One of the major challenges faced in training data collection using crowdsourcing is the variability in the reliability of the responses provided by the workers [4]. This is attributed to the significant variations in the abilities and motivations of the human workers, as well as the anonymity of crowdsourcing workers. In addition, there are spam workers who provide random answers without looking at the tasks [5, 6], as well as colluding workers who share their answers with other workers [7, 8, 9], which also contribute to the variability in the reliability. To reduce the impact of incorrect responses, several studies have attempted to improve the quality by aggregating multiple redundantly collected responses from different workers. This can be achieved using simple majority voting or statistical response aggregation methods that consider worker ability and the task difficulty [10, 11].

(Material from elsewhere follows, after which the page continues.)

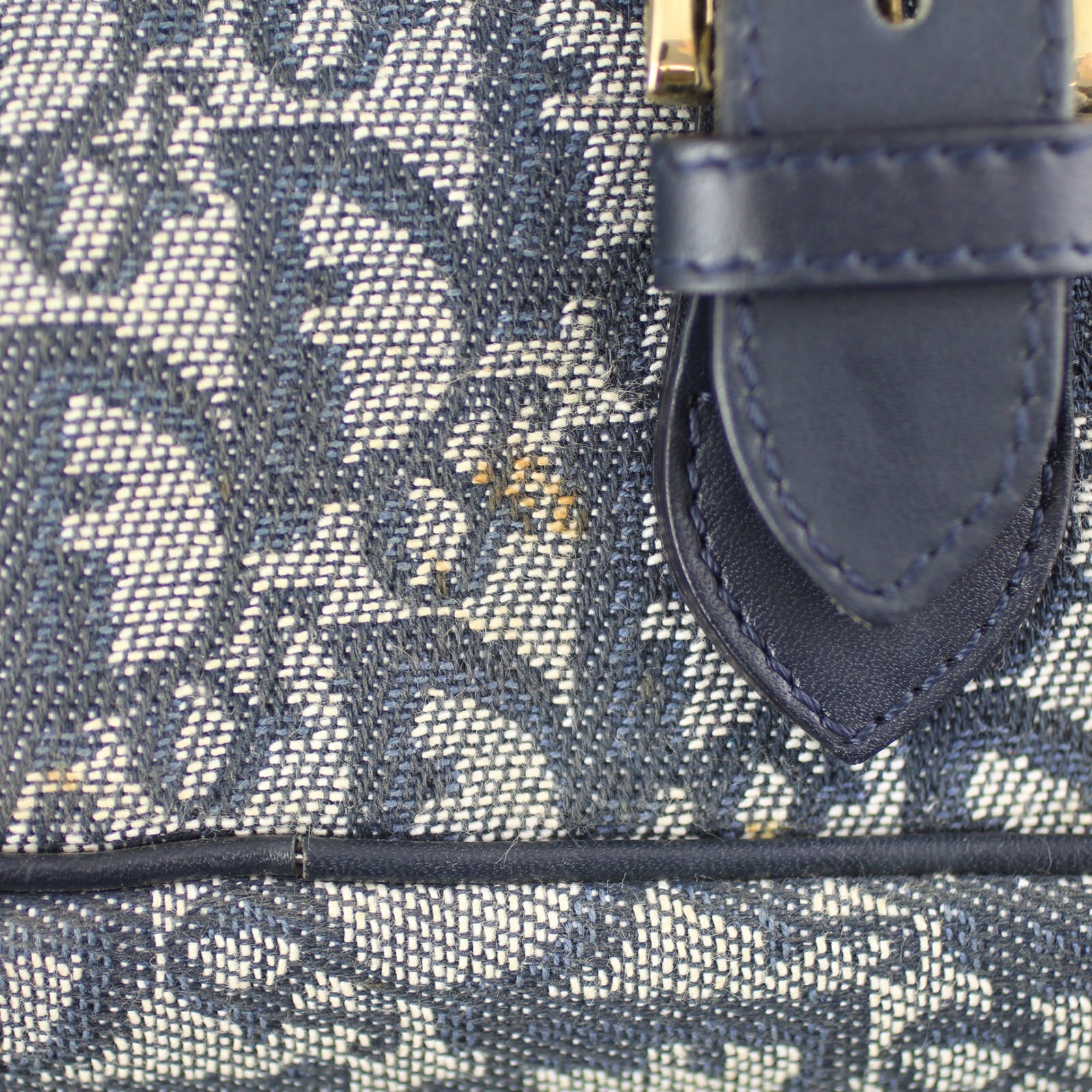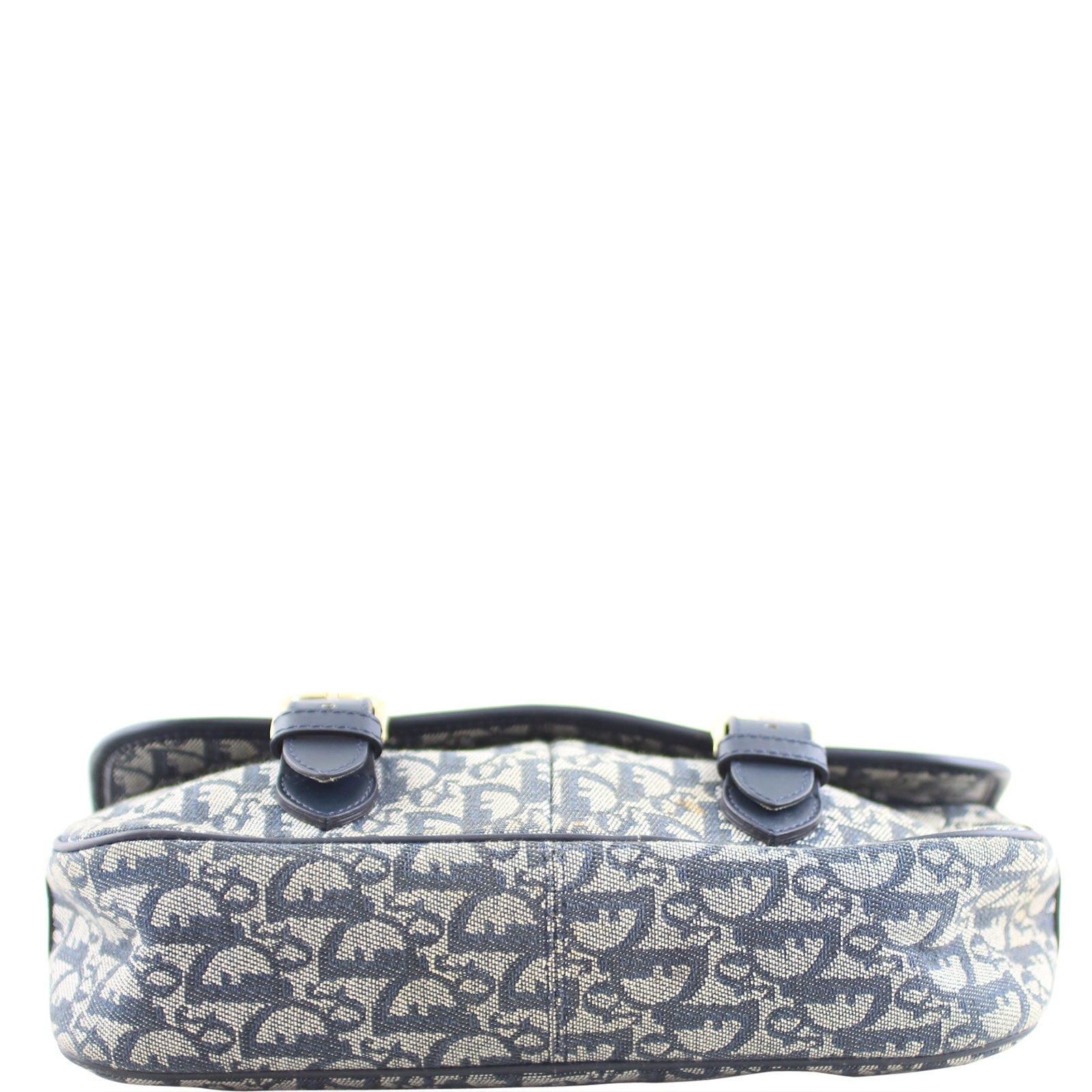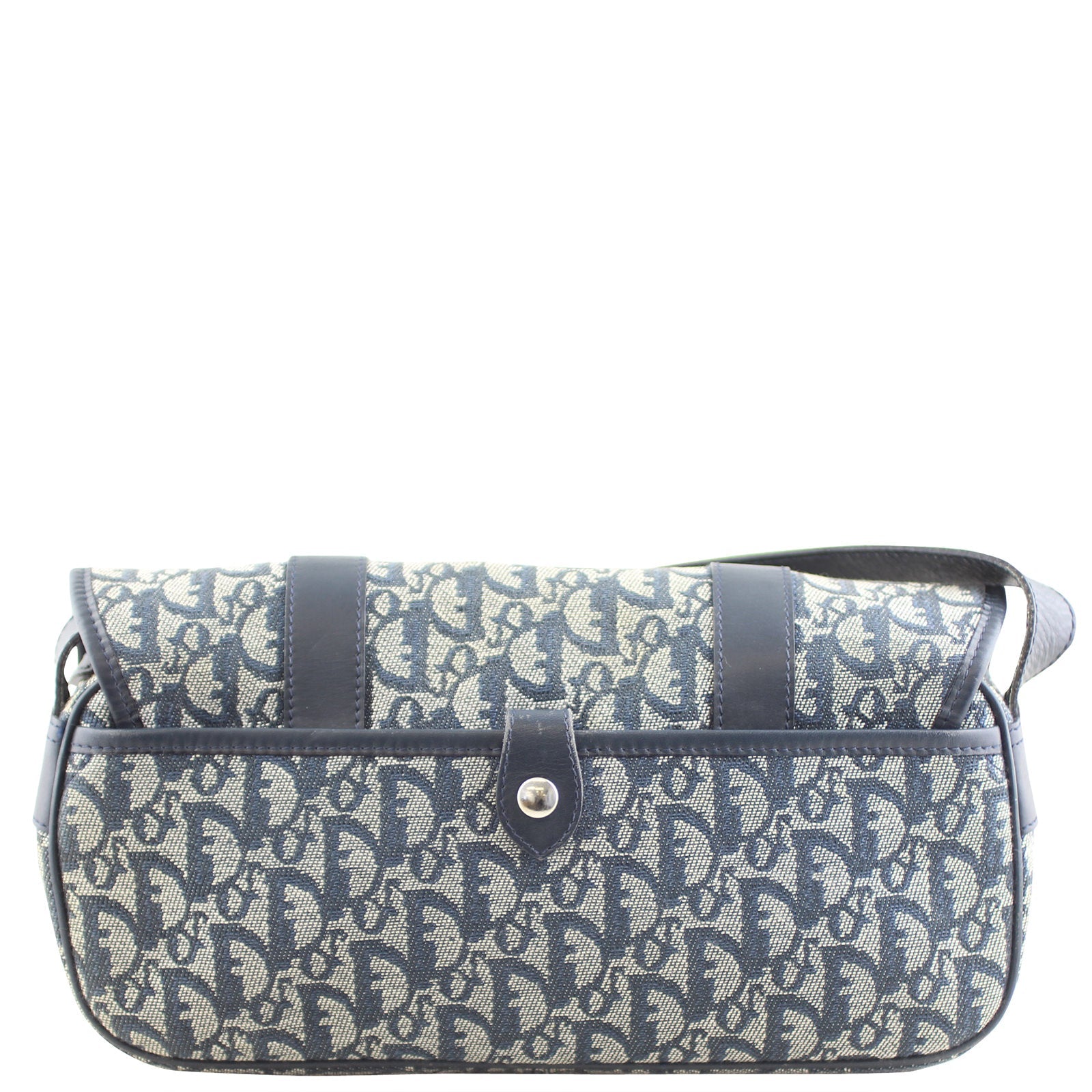Features: Navy Dior jacquard canvas exterior; navy leather trim; adjustable shoulder strap with shoulder pad; rear exterior slip pocket with dome button closure; double belted entry to top flap; two exterior slip pockets under front flap; top zip entry to main compartment; navy nylon textile lined interior with 1 x zip pocket and 1 x slip pocket.
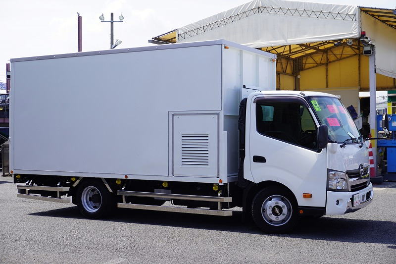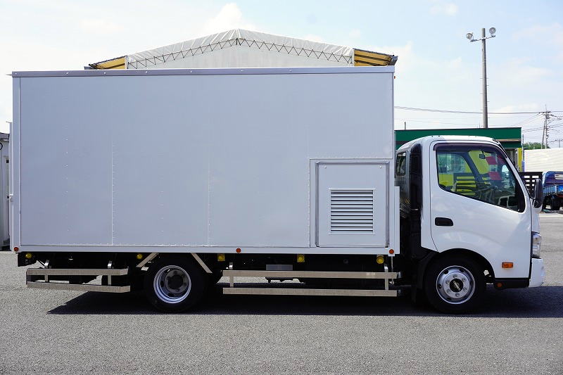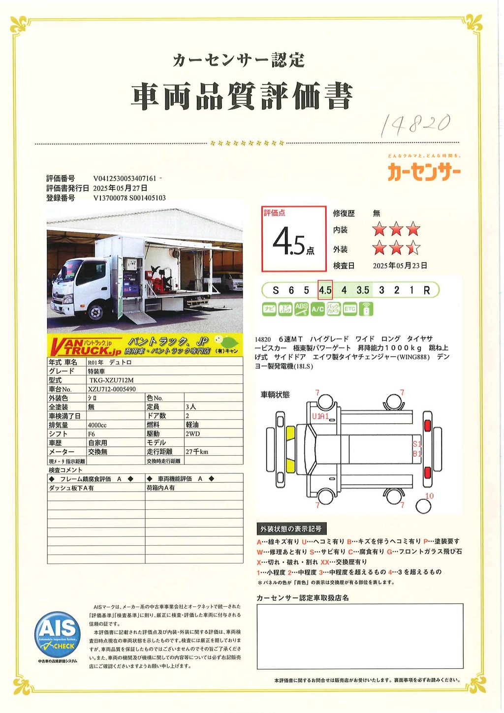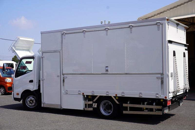 在庫No.C-0820 デュトロ 「ハイグレード ワイドロング」 タイヤサービスカー 積載500kg サイドドア 跳ね上げ式 パワーゲート 荷台シマ板張り 助手席側箱側面跳ね上げ式 バックカメラ 社外ナビ ETC2.0 左電格ミラー 坂道発進補助 ステンレスサイドバンパー 社外テール フォグランプ 衝突軽減ブレーキ 車線逸脱警報 6速MT!低走行!希少車!!

In crowdsourcing, each worker does not necessarily need to answer all tasks in general. Depending on the knowledge and preferences of the workers, or the type and difficulty of the tasks, the questions they answer may be biased. In fact, we examined several public datasets, and found a large variation in worker response frequency and the biased relationship between such frequency and worker ability (Figure 3, Table II). In the aforementioned response aggregation methods, workers with a high response frequency have a large influence on the aggregation results; therefore, the aggregation results can also be biased toward such high-frequency workers. We investigate the effects of such biases on the performance of the aggregation methods, and attempt to improve the aggregation by removing bias when it has a negative influence. We propose methods combining inverse propensity scoring [12, 13], which is an observation bias removal method used in causal inference, with simple majority voting, Dawid-and-Skene model (D&S) [10], and GLAD (Generative model of Labels, Abilities, and Difficulties) [11]. Our method estimates the integration results for uniformly random observations from biased observation labels.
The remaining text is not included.